Peloton holiday commercial sparks criticism 01:59

Citron Research's Andrew Left, well known on Wall Street for targeting companies he thinks have flawed business models and placing big bets their stocks will fall, said in the report that investors have "peddled themselves into a frenzy" about Peloton. He predicts that investors will soon tire on the exercise bike and streaming workout video producer.

Left is shorting the stock — betting that Peloton shares will fall — and predicted the company's shares will drop to $5 by the end of next year.

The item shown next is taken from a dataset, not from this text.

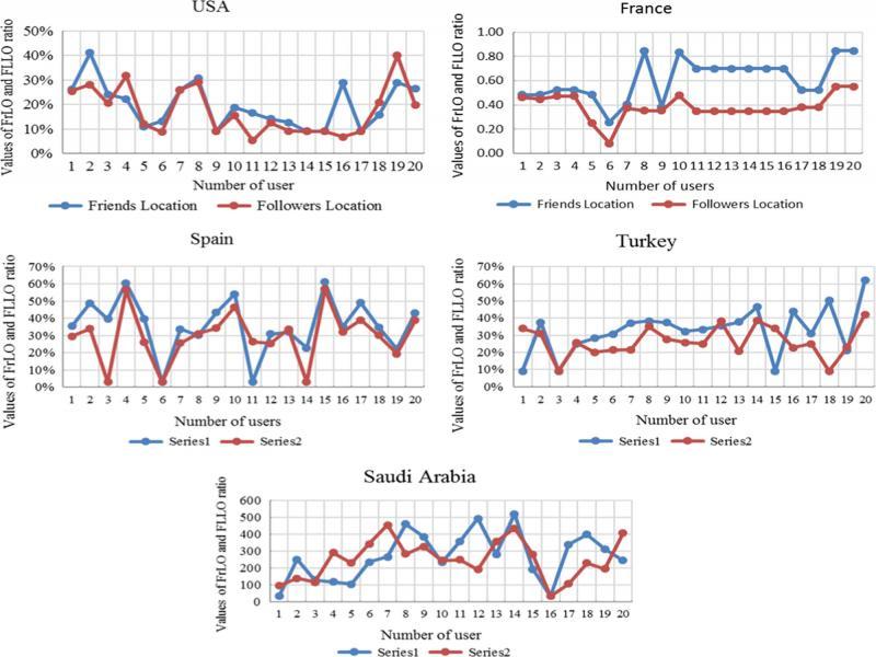 A data set of Twitter users was downloaded to investigate the performance of our proposed location detection algorithm, as shown in the third section. The collected data set includes all required information such as the public information of the Twitter user and that of his or her followers and friends. In the first experiment, we examine the impact between using the information of friends and followers by exploiting the location and language fields for each Twitter user. Figure 3 shows the values of FrLoc and FLLoc for the friends and followers of 20 randomly selected Twitter users from five different selected countries. The figure shows some interesting notes regarding each country. First, the information of friends is more valuable than that of the followers because friends are selected by the user and can directly indicate his or her knowledge and directions, which provides us with accurate information regarding the location of the Twitter user. Second, the figure of each country is different than the others given that the users of each country have their own habits and traditions strongly raised in the figures. For example, users of France, Turkey, and Spain usually write correct information in the location field, making the value of FrLoc between 0.4 and 0.5 better compared with the FrLoc of USA and Saudi Arabia between 0.2 and 0.3 in average.

That would be an 86% drop from where the share price stood at the close of trading Monday.

Peloton went public in September at $29 a share. The company still has a market cap of $8.6 billion, but pessimistic Left said Peloton's current investors could lose more than $7 billion in 2020. 

"Worse than the commercial"

In his report, Left says Peloton has similarities to GoPro, a company that came in hot with a must-have product but fizzled once competition ramped up. He raised questions about Peloton's ability to bring successful new products to market in the future. 

He also targeted CEO John Foley. "He has a reputation for 'loose lips' and 'shooting from the hip,' " Left wrote, adding the executive has a "hard time with the truth" and his "hubris" is "worse than the commercial."

The report points to two articles published earlier this year by CBS MoneyWatch, which questioned why Foley claimed Peloton was profitable when it was not and another that examined whether the company was using financing to artificially boost its sales.

Peloton did not respond to a request for comment by the Associated Press on the Citron Research report.